Interpret these intervals for log.homerange = 1. [note: if we have not yet discussed these two types of intervals in class, you can skip this for now and then revisit the question on your own after we cover this section in class].

  1. Which interval (confidence or prediction) is wider? Why? [note: if we have not yet discussed these two types of intervals in class, you can skip this for now and then revisit the question on your own after we cover this section in class].

  2. Model diagnostics: In order to check if the conditions for a linear regression are met we should check for (1) linearity, (2) constant variability, and (3) nearly normal residuals. I’ve included code to generate relevant plots to assess whether the conditions are met. You will need to adapt this code for the second data application.

  3. Outliers should often be investigated because they might have a substantial effect on the estimates of slope and intercept. Recalculate the slope and intercept of the regression line after excluding the outlier with the largest home-range size (corresponding to a polar bear). Hint: remember the filter function. By how much did your slope change?

This example (and set of questions) is taken verbatim from W&S (problem 12, Chapter 17)

Male lizards in the species Crotaphyutus collaris use their jaws as weapons during territorial interactions. Lappin and Husak (2005) tested whether weapon performance (bit force) predicted territory size in this species.

Measurements of both variables are listed in the LizardBite dataset in the abd library for 11 males.

  1. How rapidly does territory size increase with bite force? Estimate the slope of the regression line. Provide a standard error for your estimate.

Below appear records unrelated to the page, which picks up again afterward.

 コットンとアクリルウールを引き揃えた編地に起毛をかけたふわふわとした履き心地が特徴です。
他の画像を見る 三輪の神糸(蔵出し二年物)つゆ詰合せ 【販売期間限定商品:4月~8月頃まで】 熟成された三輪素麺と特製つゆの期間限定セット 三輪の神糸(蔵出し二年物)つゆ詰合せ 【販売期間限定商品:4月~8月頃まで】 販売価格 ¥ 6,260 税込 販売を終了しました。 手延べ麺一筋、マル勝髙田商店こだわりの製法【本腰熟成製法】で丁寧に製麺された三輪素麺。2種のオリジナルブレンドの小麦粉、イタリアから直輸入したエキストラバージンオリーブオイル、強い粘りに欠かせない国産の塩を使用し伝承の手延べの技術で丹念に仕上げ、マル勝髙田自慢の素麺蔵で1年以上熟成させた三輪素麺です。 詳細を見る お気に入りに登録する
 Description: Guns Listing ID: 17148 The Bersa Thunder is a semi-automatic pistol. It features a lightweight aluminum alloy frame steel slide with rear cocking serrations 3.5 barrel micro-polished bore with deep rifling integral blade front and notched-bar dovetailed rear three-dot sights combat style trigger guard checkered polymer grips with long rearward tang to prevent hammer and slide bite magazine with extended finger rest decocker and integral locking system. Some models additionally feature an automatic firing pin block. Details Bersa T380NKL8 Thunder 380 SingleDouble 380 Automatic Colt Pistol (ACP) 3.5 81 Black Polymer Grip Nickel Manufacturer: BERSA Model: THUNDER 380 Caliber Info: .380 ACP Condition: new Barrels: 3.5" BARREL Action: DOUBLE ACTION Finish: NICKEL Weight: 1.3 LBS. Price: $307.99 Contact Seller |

  2. Model diagnostics: In order to check if the conditions for a linear regression are met we should check for (1) linearity, (2) constant variability, and (3) nearly normal residuals. Generate relevant plots to assess whether the conditions are met (and comment in your template). You will need to adapt the code from the previous example (i.e., from the log-home range size versus infant mortality example).

  3. How uncertain is our estimate of slope? Provide a 90% confidence interval (use bootstrapping or the t-distribution).

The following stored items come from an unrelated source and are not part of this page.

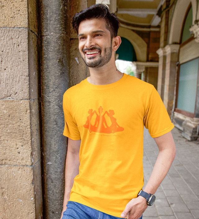 The Art Of Transformation Yellow Round Neck Cotton Half Sleeved Men T-Shirt with Printed Graphics
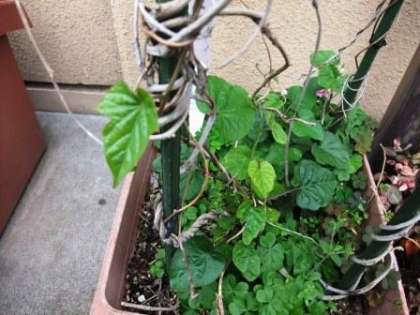 5月末か6月頃に図書室の南側の壁面を活用して、今年も「緑のカーテン」をつくる計画を立てています。これまでアサガオを中心に「緑のカーテン」を作ってきました。日本のアサガオの他、西洋アサガオを植えていましたが、その一つに「オーシャンブルー」という品種の耐寒性のあるアサガオも一鉢参加させていました。本当に寒い今年の冬でしたので、全てが枯れたような状態でした。もうだめか……と思っていましたが、写真のとおり、少しずつ育ってきています。今年もオーシャンブルーの花が楽しめるかと思うと、うれしくなってきました。
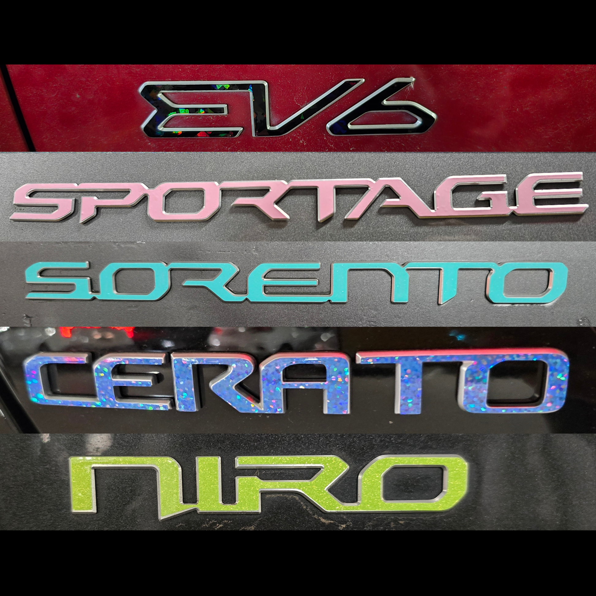 Model Badge Overlay Decal | Fits Various Kia Vehicle Badges
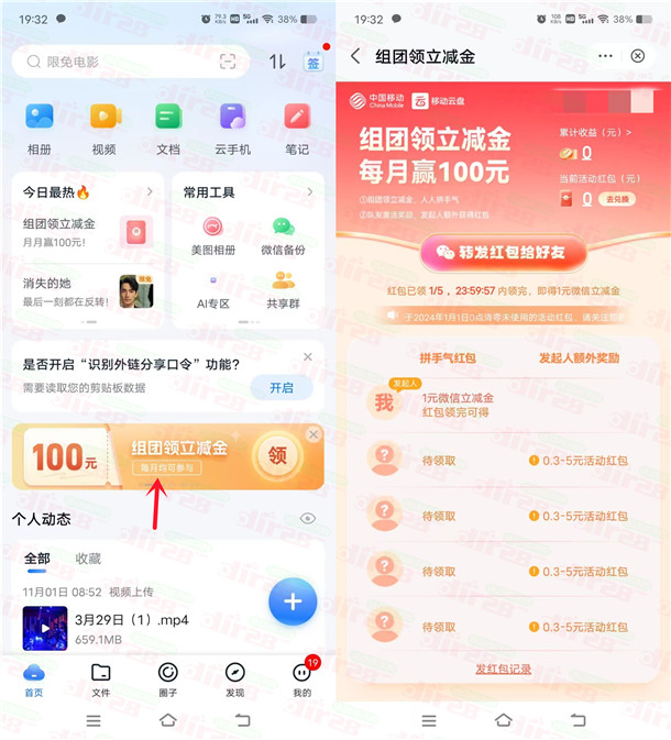参加中国移动云盘举办的组团领立减金活动,这个活动全国三网号码都可以去,通过打开中国移动云盘APP进去活动里组队参加,5个人成团后,队长可以得到1元微信立减金,队员(老用户)可领到0.3-1元支付宝红包,兑换(新用户)可领到2-8元微信立减金。

  4. Provide an interpretation for the 90% confidence interval in part (2).

  5. Bite force is difficult to measure accurately, and so the values shown probably include some measurement error. To explore the effect of measurement error, add additional measurement error to the predictors. For example, create a variable LizardBite$bite.error <-LizardBite$bite + rnorm(nrow(LizardBite), mean =0, sd=0.5). Note: rnorm(nrow(LizardBite), mean =0, sd=0.5) adds a randomly generated “error” that is normally distributed with mean 0 and sd = 0.5 to each value of bite. Use bite.error as the predictor instead of bite - how does your estimate of the slope change when you introduce additional measurement error? You may also want to plot the data using gf_points(territory~bite.error, data=LizardBite) %>% gf_lm().

Literature cited

Clubb, R. and G. Mason. 2003. Captivity effects on wide-ranging carnivores. Nature 425:473-474.

Lappin, A.K. and J. F. Husak. 2005. Weapon performance, not size, determines mating success and potential reproductive output in the collared lizard (Crotaphyutus collaris). American Naturalist 166:426-436.

A first draft of this lab was adapted from a lab created by Dr. Kari Lock-Morgan (which I can no longer find or access). In addition to changing much of the text, I have used a different data set and modified the coding exercises.

The lab is released under a Creative Commons Attribution-ShareAlike 3.0 Unported.